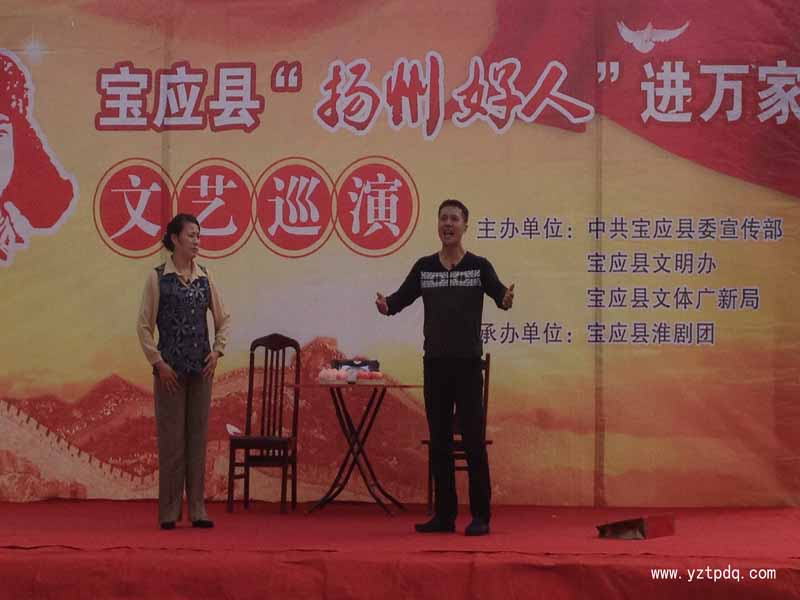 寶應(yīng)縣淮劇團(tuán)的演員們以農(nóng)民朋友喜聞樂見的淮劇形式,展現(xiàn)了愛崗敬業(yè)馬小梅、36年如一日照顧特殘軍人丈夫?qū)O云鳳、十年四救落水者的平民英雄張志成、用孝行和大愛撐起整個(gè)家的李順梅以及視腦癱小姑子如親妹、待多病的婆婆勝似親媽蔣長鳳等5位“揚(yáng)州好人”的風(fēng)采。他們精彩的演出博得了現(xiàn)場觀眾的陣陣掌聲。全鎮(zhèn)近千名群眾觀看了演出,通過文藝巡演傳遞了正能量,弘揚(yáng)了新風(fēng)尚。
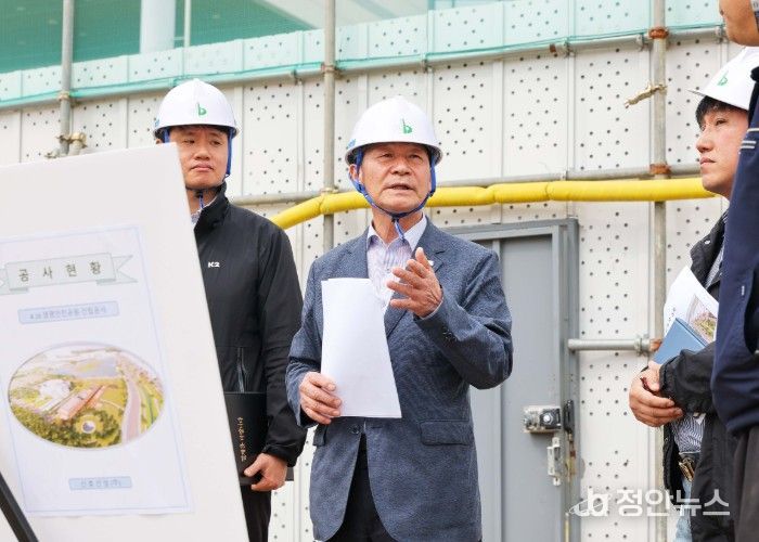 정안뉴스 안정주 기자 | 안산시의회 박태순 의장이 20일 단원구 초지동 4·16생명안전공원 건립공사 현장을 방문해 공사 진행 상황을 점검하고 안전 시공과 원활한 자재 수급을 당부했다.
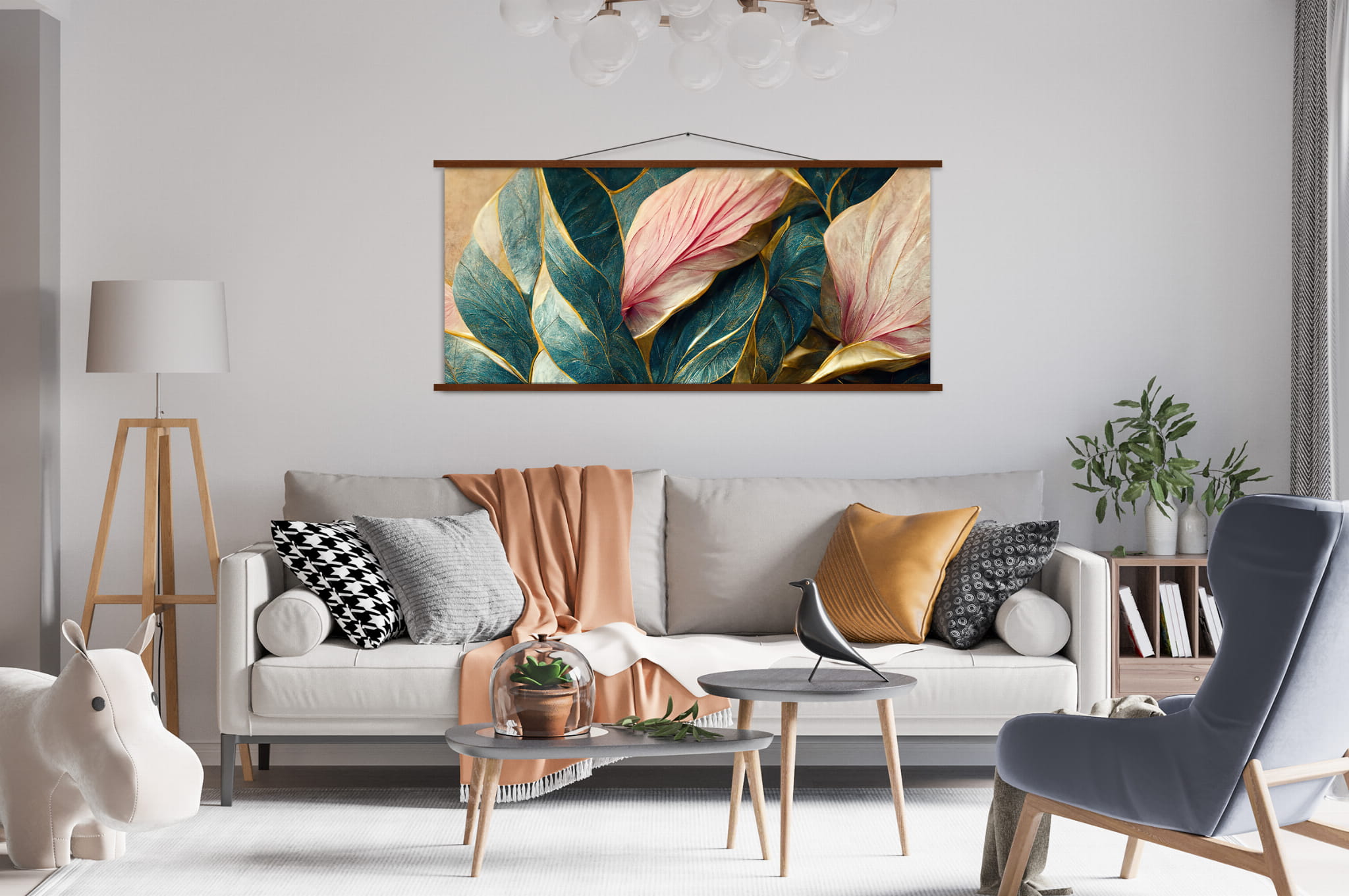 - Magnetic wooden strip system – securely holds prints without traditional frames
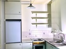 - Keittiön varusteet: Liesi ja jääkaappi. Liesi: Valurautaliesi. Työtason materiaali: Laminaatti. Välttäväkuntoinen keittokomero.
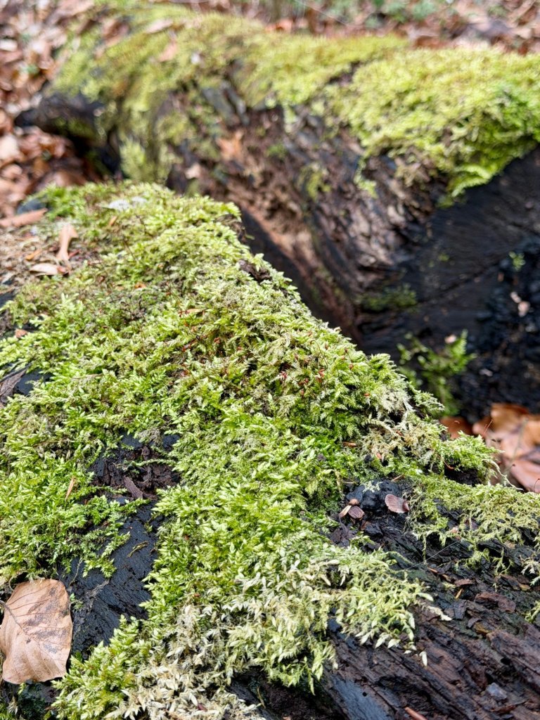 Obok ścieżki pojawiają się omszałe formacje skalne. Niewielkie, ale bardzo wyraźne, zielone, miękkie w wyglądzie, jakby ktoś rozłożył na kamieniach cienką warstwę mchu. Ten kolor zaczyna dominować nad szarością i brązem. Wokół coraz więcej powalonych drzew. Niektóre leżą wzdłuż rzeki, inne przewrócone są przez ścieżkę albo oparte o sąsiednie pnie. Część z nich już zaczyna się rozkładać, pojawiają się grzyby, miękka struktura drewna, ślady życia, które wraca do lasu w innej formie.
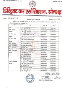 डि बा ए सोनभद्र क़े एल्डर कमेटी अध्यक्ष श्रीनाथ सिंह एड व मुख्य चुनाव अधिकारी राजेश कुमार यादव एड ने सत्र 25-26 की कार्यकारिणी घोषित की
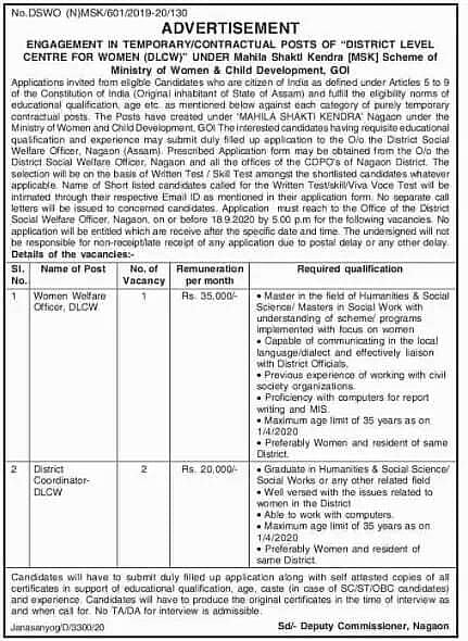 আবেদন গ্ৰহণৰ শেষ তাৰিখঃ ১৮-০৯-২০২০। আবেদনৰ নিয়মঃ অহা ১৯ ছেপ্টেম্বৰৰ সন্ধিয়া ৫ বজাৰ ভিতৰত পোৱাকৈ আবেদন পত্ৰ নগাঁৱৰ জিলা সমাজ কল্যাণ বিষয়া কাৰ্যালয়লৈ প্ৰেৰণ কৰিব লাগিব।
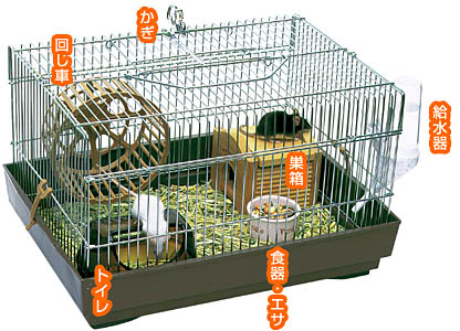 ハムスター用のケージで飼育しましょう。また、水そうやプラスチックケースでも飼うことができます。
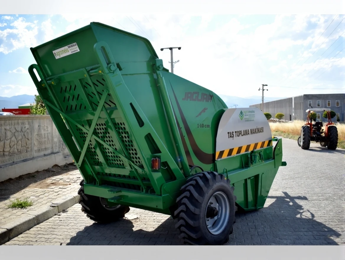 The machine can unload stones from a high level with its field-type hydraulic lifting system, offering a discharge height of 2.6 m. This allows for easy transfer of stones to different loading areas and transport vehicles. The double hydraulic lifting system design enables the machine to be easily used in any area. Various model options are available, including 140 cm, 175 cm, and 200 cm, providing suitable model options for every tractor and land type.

...

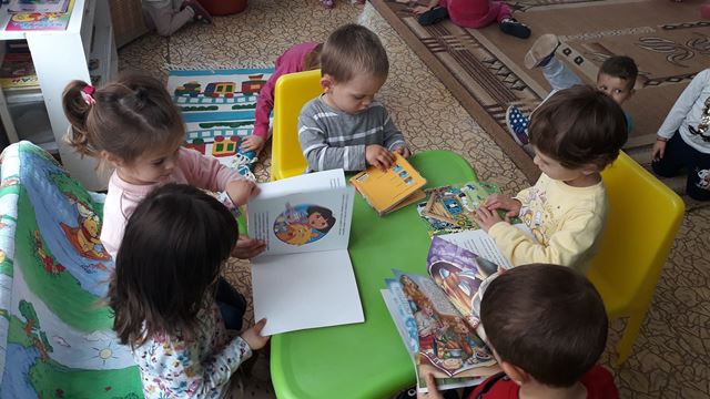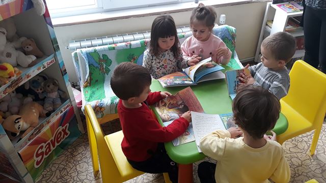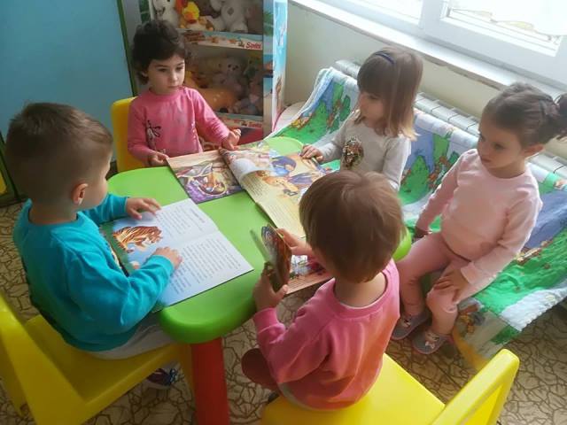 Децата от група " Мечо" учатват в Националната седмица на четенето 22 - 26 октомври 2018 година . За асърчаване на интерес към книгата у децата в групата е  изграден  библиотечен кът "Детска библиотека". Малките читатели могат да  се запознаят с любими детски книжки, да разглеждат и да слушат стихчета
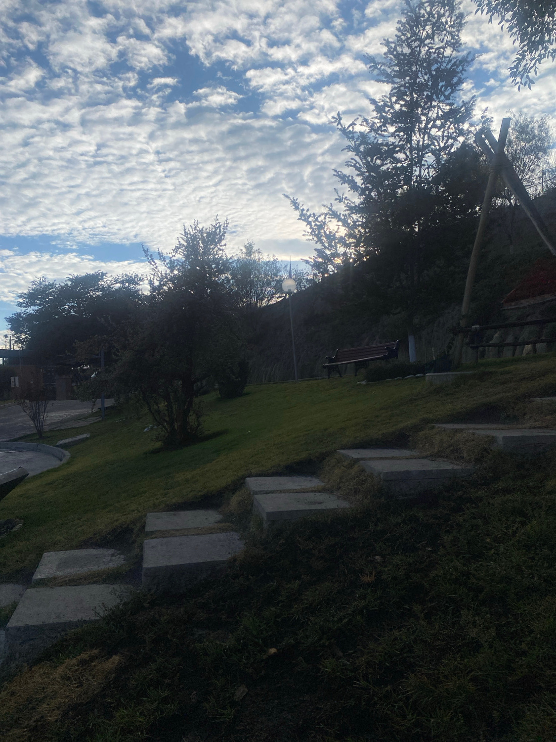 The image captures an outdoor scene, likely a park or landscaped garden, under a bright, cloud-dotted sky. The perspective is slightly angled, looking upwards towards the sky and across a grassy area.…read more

- Aim of the exercise: Only the lines above starting with the line with "ハムスター用のケージで飼育し" and going on through the line with "The machine can" belong in the answer; repeat them exactly, minus any picture.

- Response area:
 ハムスター用のケージで飼育しましょう。また、水そうやプラスチックケースでも飼うことができます。
 The machine can unload stones from a high level with its field-type hydraulic lifting system, offering a discharge height of 2.6 m. This allows for easy transfer of stones to different loading areas and transport vehicles. The double hydraulic lifting system design enables the machine to be easily used in any area. Various model options are available, including 140 cm, 175 cm, and 200 cm, providing suitable model options for every tractor and land type.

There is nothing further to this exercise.